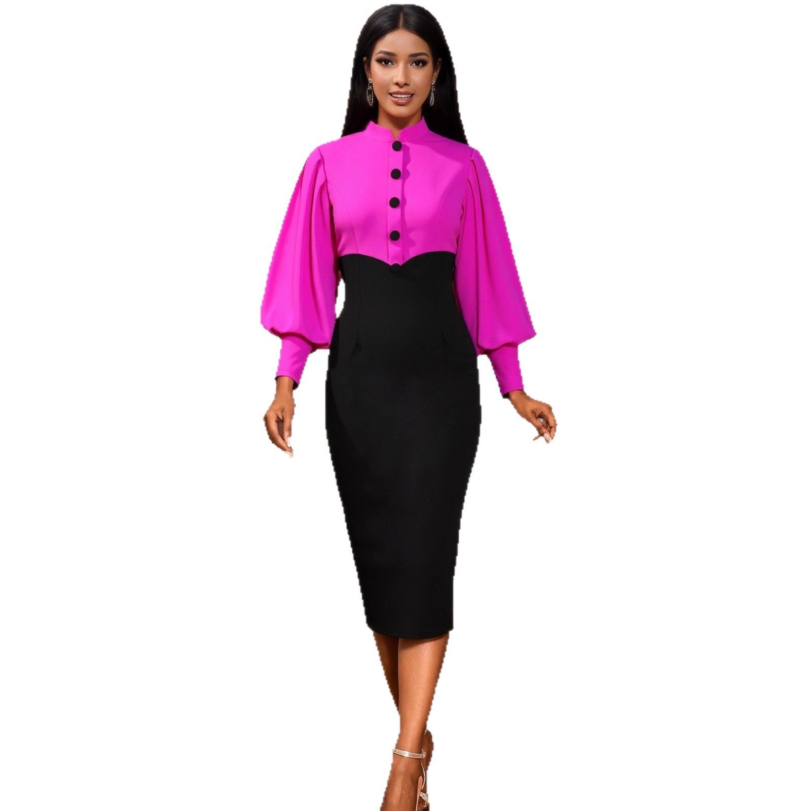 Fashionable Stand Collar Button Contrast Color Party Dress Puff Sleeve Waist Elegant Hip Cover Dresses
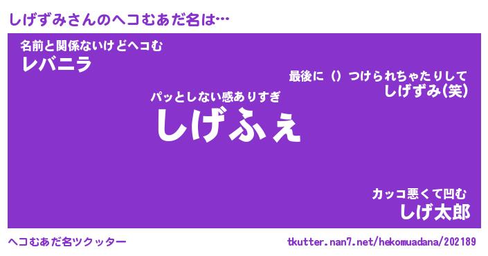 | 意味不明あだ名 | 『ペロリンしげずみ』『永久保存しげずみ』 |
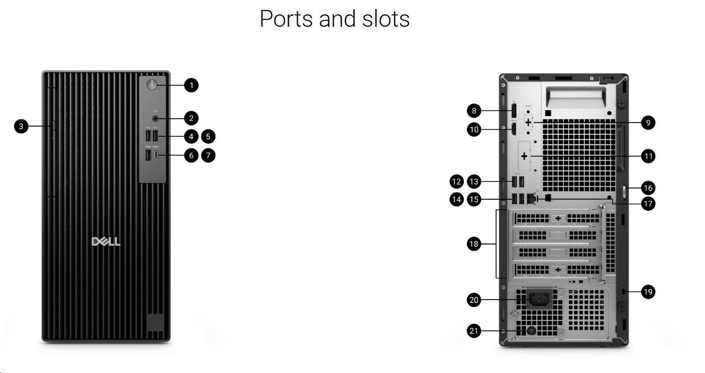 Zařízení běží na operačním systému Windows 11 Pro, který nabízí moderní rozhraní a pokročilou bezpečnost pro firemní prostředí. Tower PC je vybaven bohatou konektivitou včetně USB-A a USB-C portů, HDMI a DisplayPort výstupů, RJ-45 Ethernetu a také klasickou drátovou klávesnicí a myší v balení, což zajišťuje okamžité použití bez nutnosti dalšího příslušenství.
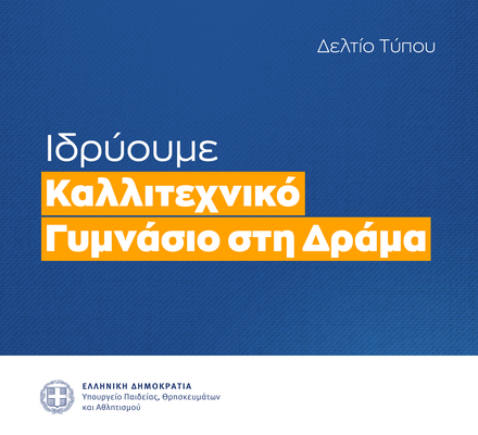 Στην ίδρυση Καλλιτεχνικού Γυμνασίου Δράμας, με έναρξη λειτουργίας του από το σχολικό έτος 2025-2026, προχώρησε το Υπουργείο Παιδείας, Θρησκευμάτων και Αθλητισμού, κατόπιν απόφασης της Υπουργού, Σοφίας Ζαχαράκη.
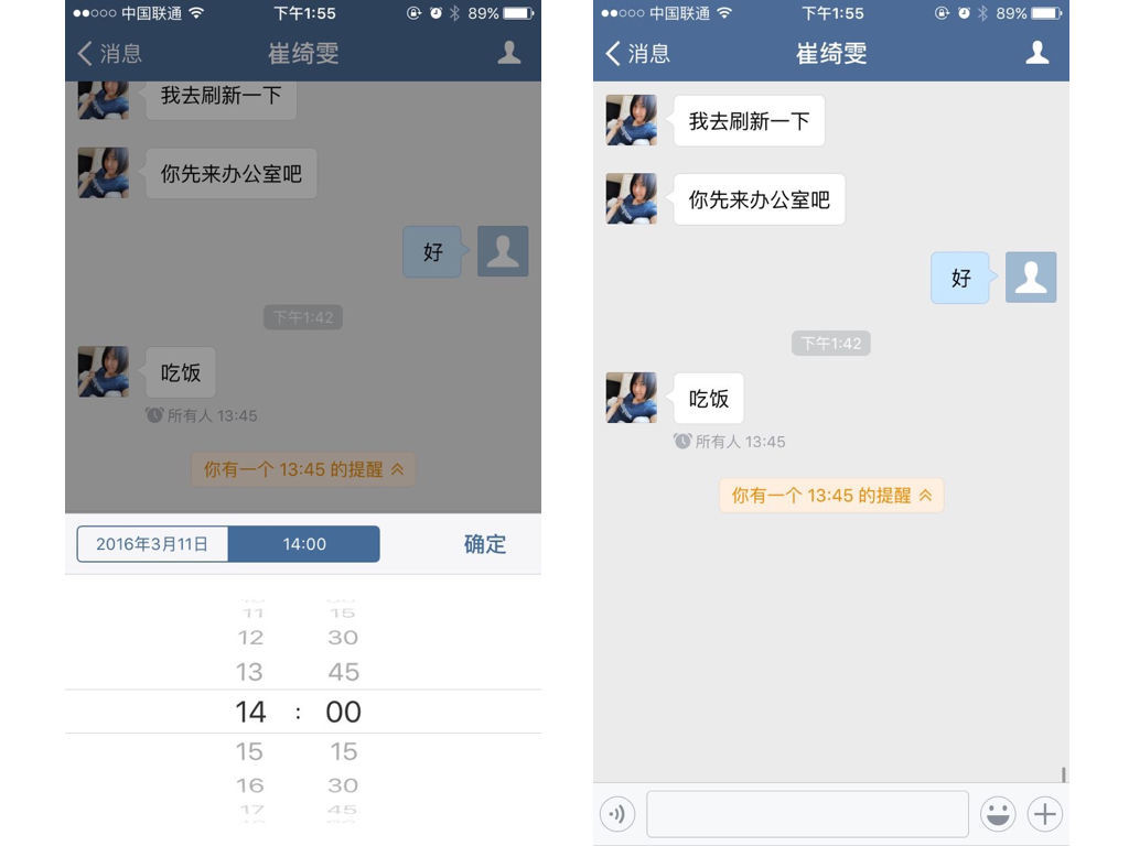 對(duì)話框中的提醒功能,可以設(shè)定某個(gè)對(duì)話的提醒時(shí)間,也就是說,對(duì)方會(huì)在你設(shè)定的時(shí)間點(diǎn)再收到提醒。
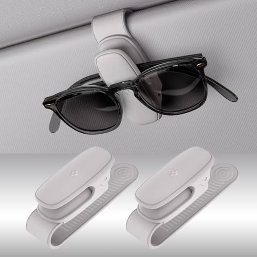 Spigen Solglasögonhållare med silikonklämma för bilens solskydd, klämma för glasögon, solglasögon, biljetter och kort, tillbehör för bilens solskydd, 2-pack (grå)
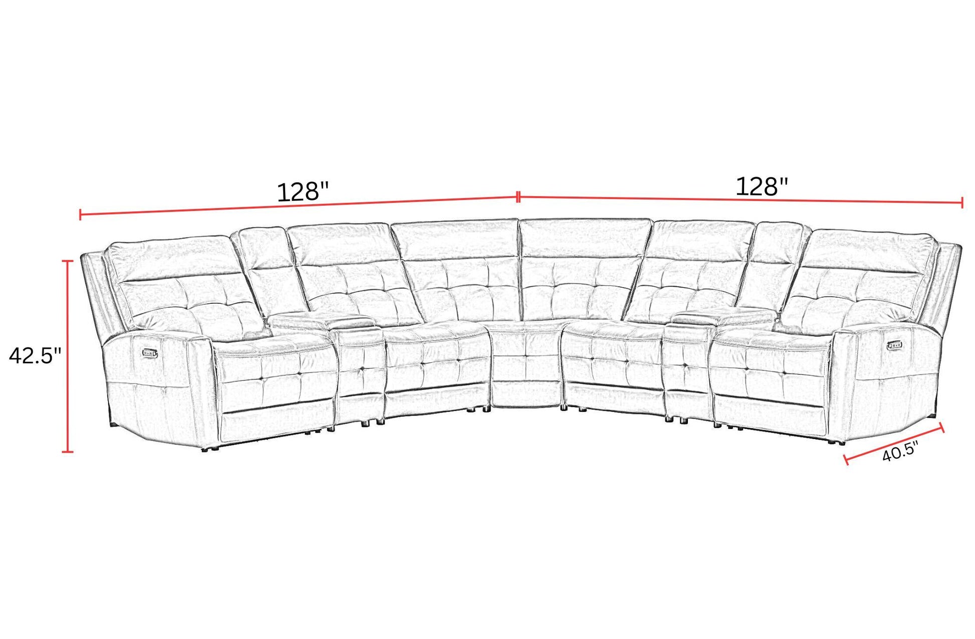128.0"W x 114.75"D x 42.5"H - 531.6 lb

════

_WORK INSTRUCTION:_
Leave the pictures out. Transcribe exactly the lines from the one with "Spigen Solglasögonhållare med" through the end of the records.

_RESPONSE TO THIS EXERCISE:_
 Spigen Solglasögonhållare med silikonklämma för bilens solskydd, klämma för glasögon, solglasögon, biljetter och kort, tillbehör för bilens solskydd, 2-pack (grå)
128.0"W x 114.75"D x 42.5"H - 531.6 lb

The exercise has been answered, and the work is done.